RE: [PATCH] PCI: ERR: Don't override the status returned by error_detect()
From: Z.q. Hou
Date: Fri May 29 2020 - 00:04:46 EST
Hi Kuppuswamy,
> -----Original Message-----
> From: Kuppuswamy, Sathyanarayanan
> <sathyanarayanan.kuppuswamy@xxxxxxxxxxxxxxx>
> Sent: 2020å5æ29æ 5:19
> To: Z.q. Hou <zhiqiang.hou@xxxxxxx>; linux-pci@xxxxxxxxxxxxxxx;
> linux-kernel@xxxxxxxxxxxxxxx; ruscur@xxxxxxxxxx; sbobroff@xxxxxxxxxxxxx;
> oohall@xxxxxxxxx; bhelgaas@xxxxxxxxxx
> Subject: Re: [PATCH] PCI: ERR: Don't override the status returned by
> error_detect()
>
> Hi,
>
> On 5/27/20 1:31 AM, Zhiqiang Hou wrote:
> > From: Hou Zhiqiang <Zhiqiang.Hou@xxxxxxx>
> >
> > The commit 6d2c89441571 ("PCI/ERR: Update error status after
> > reset_link()") overrode the 'status' returned by the error_detect()
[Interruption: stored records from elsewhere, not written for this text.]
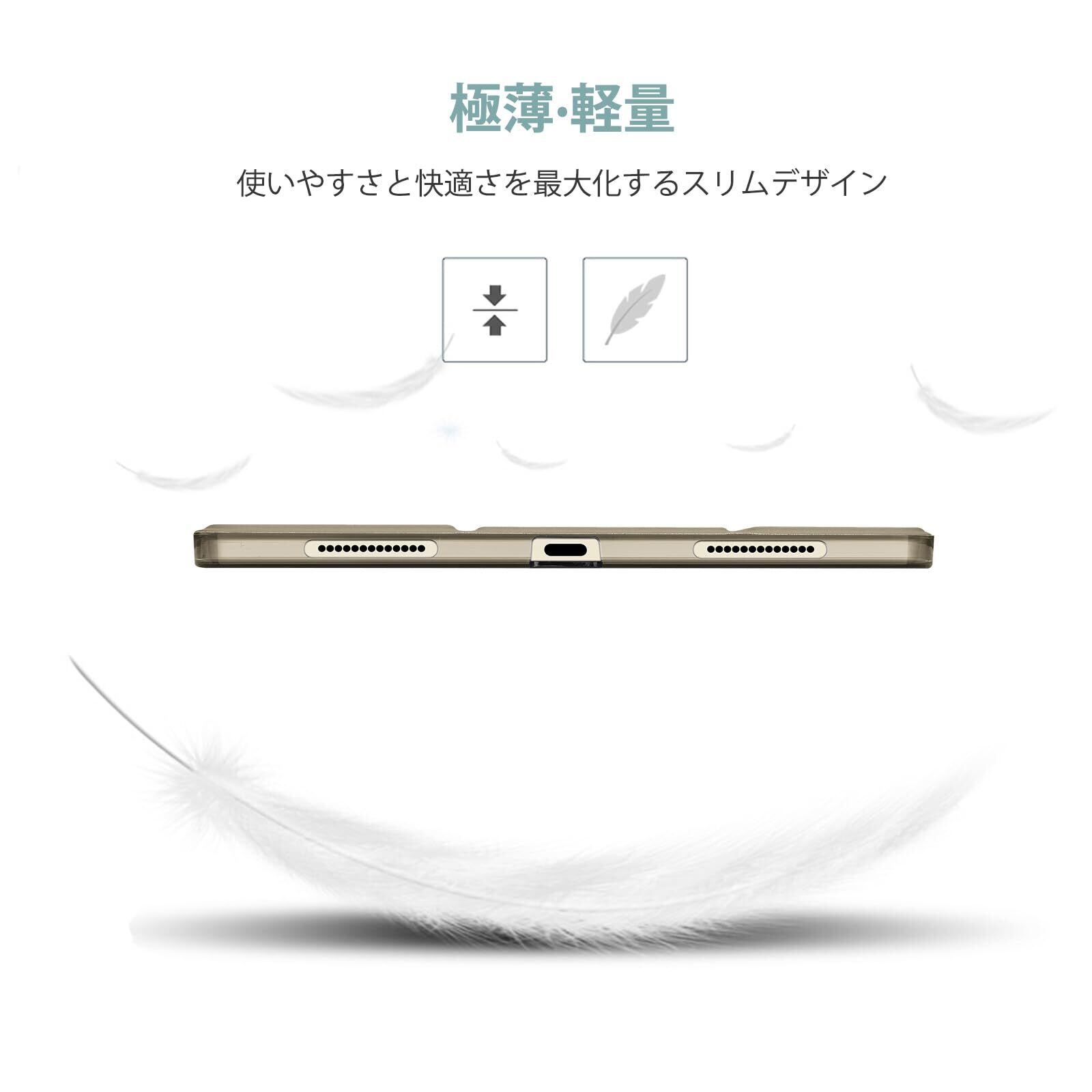 半透明のつや消し背面カバーは、耐衝撃で指紋や傷から保護しながら、iPad本来の美しさをそのまま活かせます。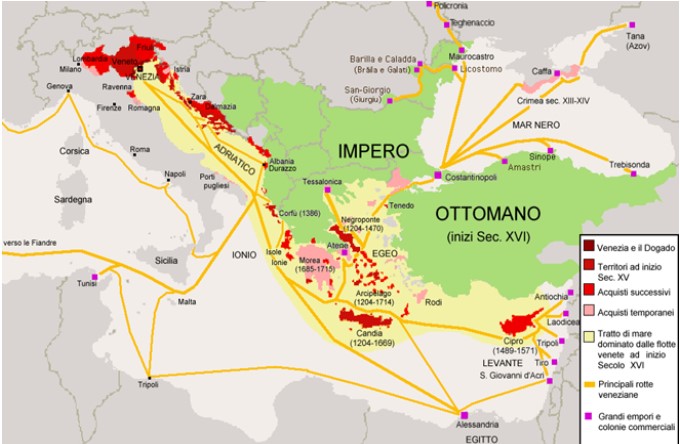 Nel Mediterraneo Venezia rivaleggiava con Genova, e il suo predominio sull’Adriatico, con l’eccezione di Ancona e Ragusa, rimaste indipendenti e alleate fra loro, era tale che i veneziani lo indicavano con il nome di “Golfo di Venezia”, in quanto dominio esclusivo dei navigatori veneziani.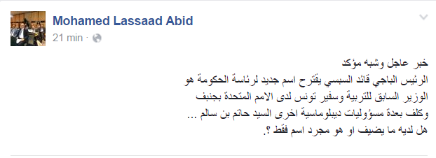 وأضاف العبيدي ، في تدوينة على الفايسبوك، أنّ هذا الخبر شبه مؤكّد .
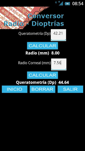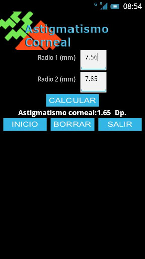 - "Astigmatismo Corneal" calcula el astigmatismo corneal a partir de los radios queratométricos.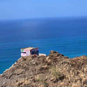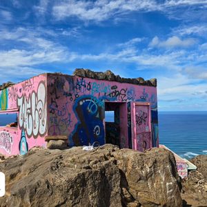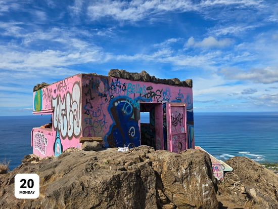 その後とうとうピンクピルボックスの頭頂口に到着。晴天26度。レビューである程度覚悟してたけどそれ以上の本格登山でした。片道40分休憩10分合計90分、上りも下りも大変と事前に説明いただきました。完全デスクワーク・運動歴ゼロ・超インドア派・アラカン・ぽっちゃり体型の私、舗装していないことは事前に理解してましたが、滑るわ、岩大きい、等間隔じゃないし、勾配大だし。休憩しながらマイペースで無事登頂でき、最高の景色を見ることができました。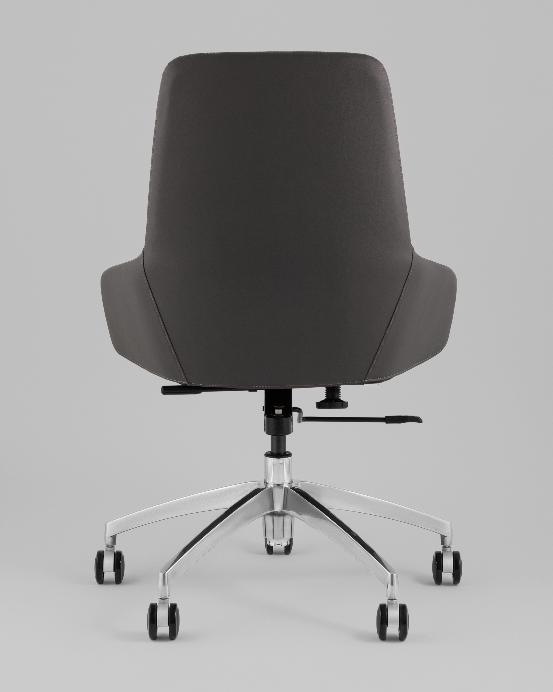 Материалы и цвета. Кресло обтянуто светло-серой экокожей, которая приятна на ощупь и проста в уходе. Задняя часть спинки выполнена в контрастном коричневом цвете, что придает модели современный и стильный вид. Алюминиевая крестовина обеспечивает устойчивость и долговечность, а полиуретановые ролики с нейлоном позволяют легко и бесшумно перемещаться по любым покрытиям пола.

> > call back function, which is depended on by the next step. This
> > overriding makes the Endpoint driver's required info (kept in the var
> > status) lost, so it results in the fatal errors' recovery failed and then kernel
> panic.
> Can you explain why updating status affects the recovery ?
Take the e1000e as an example:
Once a fatal error is reported by e1000e, the e1000e's error_detect() will be
called and it will return PCI_ERS_RESULT_NEED_RESET to request a slot reset,
the return value is stored in the '&status' of the calling
pci_walk_bus(bus,report_frozen_detected, &status).
If you update the 'status' with the reset_link()'s return value
(PCI_ERS_RESULT_RECOVERED if the reset link succeed), then the 'status' has
the value PCI_ERS_RESULT_RECOVERED and e1000e's request
PCI_ERS_RESULT_NEED_RESET lost, then e1000e's callback function .slot_reset()
will be skipped and directly call the .resume().
So this is how the update of 'status' break the handshake between RC's AER driver
and the Endpoint's protocol driver error_handlers, then result in the recovery failure.
> >
> > In the e1000e case, the error logs:
> > pcieport 0002:00:00.0: AER: Uncorrected (Fatal) error received:
> > 0002:01:00.0 e1000e 0002:01:00.0: AER: PCIe Bus Error:
> > severity=Uncorrected (Fatal), type=Inaccessible, (Unregistered Agent
> > ID) pcieport 0002:00:00.0: AER: Root Port link has been reset
> As per above commit log, it looks like link is reset correctly.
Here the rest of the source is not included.